| Lc 19, 45-48 |
Aquel lugar donde la gente
más pobre, sin recursos, acudía para aliviar su situación ya no era el mismo. Se
había convertido en un centro especulativo y de explotación. Esquilmaban a todo
el que no se espabilaba y, en lugar de salir asistidos, salían más empobrecidos.
La situación era caótica
y Alejandro estaba decidido a poner fin a esos abusos.
—Esto no es ya un sitio asistencial, sino todo lo contrario —exclamó
Alejandro.
—Estoy de acuerdo —dijo
uno de los que se encontraba en la puerta del centro.
Alejandro, levantando sus manos, animó a la gente que estaba allí
haciendo cola a rebelarse contra esa injusticia que se estaba cometiendo.
Dio un paso adelante y
dijo:
—Es conveniente hacer
algo.
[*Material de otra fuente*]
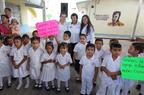 > En primera instancia, la alcaldesa Magdalena Peraza Guerra, acompañada por integrantes del Cabildo porteño, entregó a los alumnos y personal docente del jardín de niños Vicente Guerrero ubicado en la colonia del mismo nombre, un comedor escolar que les permitirá consumir sus alimentos en un sitio digno y adecuado.

Esto es intolerable.
Y, seguido por la gente
que allí se encontraba, se adentró en el centro y lo inhabilitaron. Tomaron las
medicinas, ropas y alimentos y los distribuyeron gratuitamente, conforme a las
necesidades de cada uno.
Avisada la policía, se personó en aquel lugar. Y mirando para Alejandro,
le acusaron de aquel acto de rebeldía.
Se disponían a detenerlo
cuando repentinamente se oyó una voz.
—No es un acto de injusticia, sino todo lo contrario. Este hombre ha
tratado de hacer justicia de la única forma que podía hacerlo —dijo un hombre
de pelo y barba blanca.
Tenía una Biblia en sus manos. Y abriéndola, leyó:
Lc 19, 45-48: En aquel
tiempo, Jesús entró en el templo y se puso a echar a los vendedores,
diciéndoles: «Escrito está: “Mi casa será casa de oración”;
pero ustedes la han hecho una “cueva de bandido”».
Los que escuchaban
empezaron a comprender que aquel lugar había sido adulterado. Ya no cumplía la
función a la que había sido destinado.
Muchos, con solo mirarse entre sí, parecían decir: «Este hombre tiene razón». Solo trataba de hacer
justicia.
Y nos preguntamos: ¿Profanamos también nosotros nuestros templos cuando los
convertimos en lugares de encuentro más que de adoración a Dios?